DO NOT patch the parser to silently accept malformed rows. The ingester's strict reject-and-flag behaviour is the whole reconciliation value-add — a "fixed" parser that silently drops rows would make drift detection blind.

Resolution

  • Cause 1: write a follow-up test fixture against the new format, ship a parser update, deploy. Add a release-time fixture check that asserts a known-good file from each active partner still parses.
  • Cause 2: harden the operator workflow that fetches the file — usually a Makefile target or a Lambda. Pin to a specific URL pattern that's unambiguous about the artifact type.
  • Cause 3: add encoding detection at the boundary; golang.org/x/text/encoding/charmap lets us auto-detect + convert.
  • Cause 4: file partner-side ticket. Negative/zero amount lines are often "informational" entries that don't belong in our reconciliation set — adjust the contract docs to filter them at ingest time rather than per-row reject.
  • Cause 5: file partner-side ticket; in the meantime, ingest with csv.Reader.LazyQuotes = true (already set in our ingester) and a sanity check that the partner-reference field still parses cleanly.
  • Cause 6: revert the regression. Add the test case that would have caught it.

Escalation

  • 4 hours without diagnosis → page the platform on-call.
  • 24 hours with no successful ingest for a partner → notify finance/ops; the drift detector is blind for that partner.
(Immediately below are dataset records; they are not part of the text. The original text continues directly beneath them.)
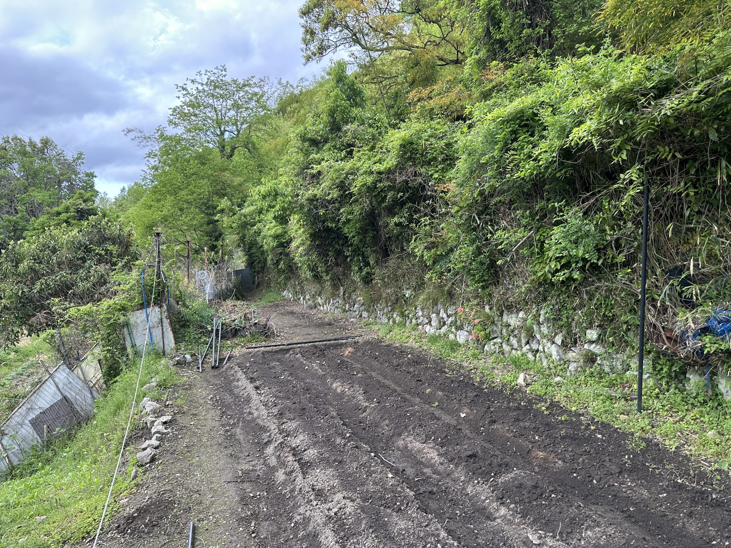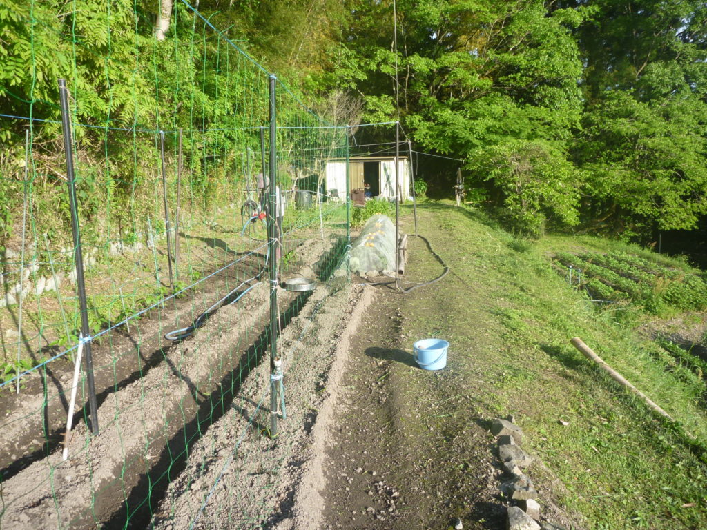 4月中頃からぼちぼちですが、畝づくりをしだした。4月は、雨が多かったので冬場の落ち葉を積み上げ雨に打たせ土交ぜをしたそして混ぜた土を畝に乗せ、耕運機で混ぜ、今年は牛糞だけでなく鶏糞も入れ一緒に、混ぜ合わした。そして放置し最後の土交ぜを行った。結構土がふかふかになっきた。そして夏野菜はキュウリのようなつるもの・トマトのような枝に実がなるものと結構支柱・ネットなど支えが入るものが多いのでまず支柱づくりも重要なので、そこまでの準備をすましてから苗植えを行うことにした。ゴールデンウイーク明けから本格的な苗植えを行う。次は虫対策かな?夏野菜は結構手間がかかる!
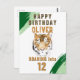 Wild Tiger Head Watercolor Birthday Postcard. Featuring a watercolor tiger head, bold green brushstrokes, and customizable text, this design is perfect for any young adventurer. Personalize with any name and age to create a truly unique and memorable greeting. Ideal for jungle themed parties or tiger lovers.
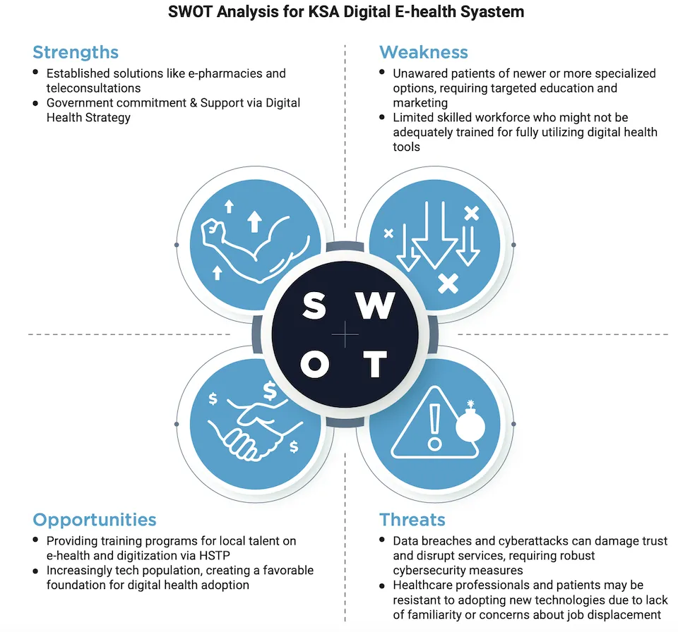 The e-health digitalization is supported by the Saudi government’s proactive approach to digitizing the healthcare system, spearheaded by the comprehensive Digital Health Strategy. Recognizing the potential for improved efficiency, better patient experiences, and enhanced quality of care, the Vision 2030 healthcare transformation plan has laid the groundwork for significant advancements. This includes expanding e-health offerings beyond provider- centric solutions to encompass consumer-facing options like virtual care, a trend accelerated by the COVID-19 pandemic.
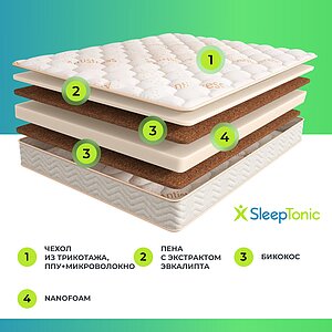 Нагрузка на спальное место: без ограничений. Высота матраса: 23 см. Несъемный мягкий трикотажный чехол с волокнами эвкалипта. Бурлет из износостойкой жаккардовой ткани с высокой воздухопроницаемостью. Высокообъемная стежка на пене и микроволокне повышает комфорт спального места, увеличивая мягкость. Основные преимущества коллекции Sleep Tonic
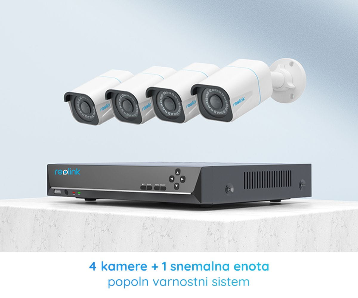 Set v pakiranju vključuje 4 kamere B800, 1 snemalno enoto RLK8–410, ter vse potrebne dodatke in kable za hitro namestitev. Na snemalno enoto lahko priklopite do 8 kamer Reolink.
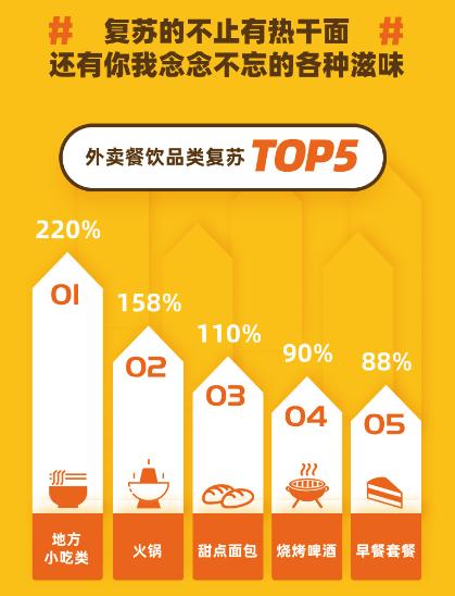 羊肉串、牛肉串、面包片、馒头片,烤腰子、烤茄子、烤韭菜、烤五花肉......“终于吃到心心念的烧烤了,真香!”全国复工复产后,以烧烤、火锅为首的大众喜爱的美食在餐饮外卖业务迎来爆发。美团外卖数据显示,全国外卖单量增长最高的五大餐饮品类,分别为地方小吃类 、火锅、甜点面包、烧烤啤酒、早餐套餐,这些品类的餐品都呈现90%至150%以上的幅度增长。其中牛肉串和烤茄子成烧烤外卖必点餐品,火锅外卖订单中金针菇和毛肚两种食材最受欢迎,一度在一些门店的外卖平台上脱销。
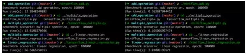 事实上,我个人在学习 TensorFlow 过程中,通过实现一个 TensorFlow-like 的项目,不仅惊叹与其源码和接口的设计精巧,也加深了对声明式编程、DAG 实现、自动求偏导、反向传播等概念的理解。甚至在 Benchmark 测试中发现,纯 Python 实现的项目在线性回归模型训练中比 TensorFlow 快 22 倍,当然这是在特定场景下压测得到的结果,主要原因是 TensorFlow 中存在 Python 与 C++ 跨语言的切换开销。
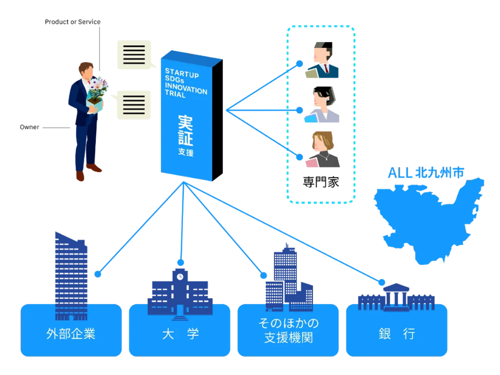 スタートアップSDGsイノベーショントライアルは、❶プロダクトの社会実装に向けた実証実験による仮説検証と❷PMFの達成に向けた事業検証により、事業成長を目指す全国のスタートアップを対象に、北九州市の産学官金が連携して支援するプログラムです。
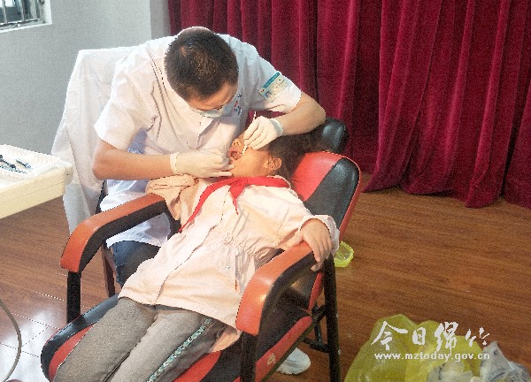 本刊记者 9月22日,由绵竹市口腔医院承担实施的四川省儿童口腔疾病综合干预项目走进板桥学校,为该校160余名适龄学生进行免费口腔健康检查、窝沟封闭防龋等儿童常见口腔疾病的诊疗。 “小朋友们要尽量选择含氟的牙膏。”“每天早晚都要刷牙。”当天,口腔医院医护人员走进板桥学校,给同学们宣传龋齿预防和口腔保健知识,通过现场互动模拟刷牙,向同学们展示正确的刷牙方法。医护人员还对该校160余名7至9岁适龄儿童进行免费口腔健康检查、窝沟封闭防龋等儿童常见口腔疾病的诊疗。 据介绍,实施儿童口腔疾病综合干预项目,目的在于宣传口腔健康知识,增强儿童口腔保健意识,帮助学生养成爱护牙齿、保护口腔健康的良好习惯,引导儿童和家长主动关注口腔健康,提高防治口腔疾病的意识和能力。自2010年该项目实施以来,每年绵竹市口腔医院医护人员都会走进学校,宣传口腔健康知识并对3000至5000名适龄儿童进行免费口腔检查,实施窝沟封闭术。 窝沟封闭是世界卫生组织向全世界儿童推荐的一种保护新生恒牙的方法,在发达国家该技术已经推广了100多年,大大降低了龋患率。一般窝沟封闭的最佳时间是7—9岁,此技术无痛无副作用,也不会影响孩子的生活与学习。家长可带适龄儿童到市口腔医院进行免费口腔筛查和窝沟封闭防龋。
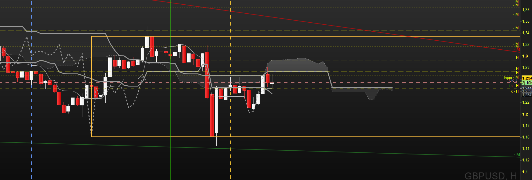 en mensuel, il est vrai que la tendance est baissière, mais ce n'est pas bien grave pour un trade en H4. En revanche, je vois que les prix testent la kijun qui semble les repousser (pour le moment) dans ce grand biseau baissier
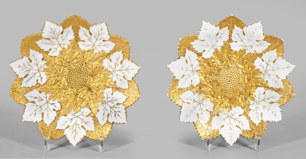 A pair of splendid porcelain plates with vine leaf relief and gold decor. Crossed swords mark.

  • 48 hours during the S4.6 soak window → release is blocked; notify engineering lead + finance lead.

  • Cause 1 (new format) during partner-side-driven schema migration → no escalation needed; this is normal partner ops. File a ticket; ship the parser update on the next release.
  • Ingester: services/integration-gateway/internal/reconciliation/dashen_ingester.go.
  • Per-line error model: LineError in services/integration-gateway/internal/reconciliation/types.go.
  • Storage: bank_statement_line table — migration services/integration-gateway/migrations/0002_bank_statement_line.up.sql. The ON CONFLICT on (tenant_id, partner, partner_reference) is the load-bearing idempotency guard for re-ingest.
  • Matcher (consumes successfully-ingested rows): services/integration-gateway/internal/reconciliation/matcher.go. Once ingestion succeeds, the next matcher run picks up the new rows automatically.